10 Times WWE Was Categorically Worse Than It Is Right Now
3. 2007: Post-Benoit
The rise and fall of Ken Kennedy in WWE perhaps best reflects the carnage caused in the wake of Chris Benoit's 2007 double murder-suicide. For all the wrong reasons, the staggering of his momentum along with that of numerous colleagues was something quite remarkable for those still watching week-to-week.
His main event push looked an absolute certainty until the post-Benoit media pile-on knackered the blundering company man. Kennedy made some ill-advised comments about reduced drug use in modern day WWE, with some ludicrous sweeping generalisations about "those big guys in the 80s" that should have been nowhere near live television.
The slippery slope steepened when he failed a Wellness Test mere weeks after his latest press junket. You could almost hear the sounds of millions of palms hitting faces the world over when that news broke. The reality was setting in that the threat of an actual test failure was real, rather than a virtual impossibility.
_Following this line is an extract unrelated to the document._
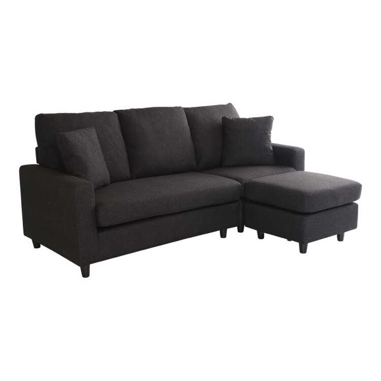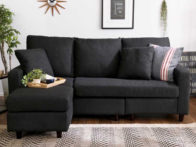 幅176cm・ファブリック製の黒色L字ソファー

Names were disappearing from view entirely quicker than the veins and muscles from most of the midcard, with various other legal issues catching those yet to find themselves with polluted p*ss. Suspensions hijacked countless programmes and trajectories, with Kennedy's perhaps the most devastating of the bunch. He lost his slot as Mr McMahon's son to Hornswoggle - one of the few performers unlikely to be caught with steroids in his system. That it landed them in a creative cul-de-sac with one of the biggest angles of the year was suddenly of lesser importance.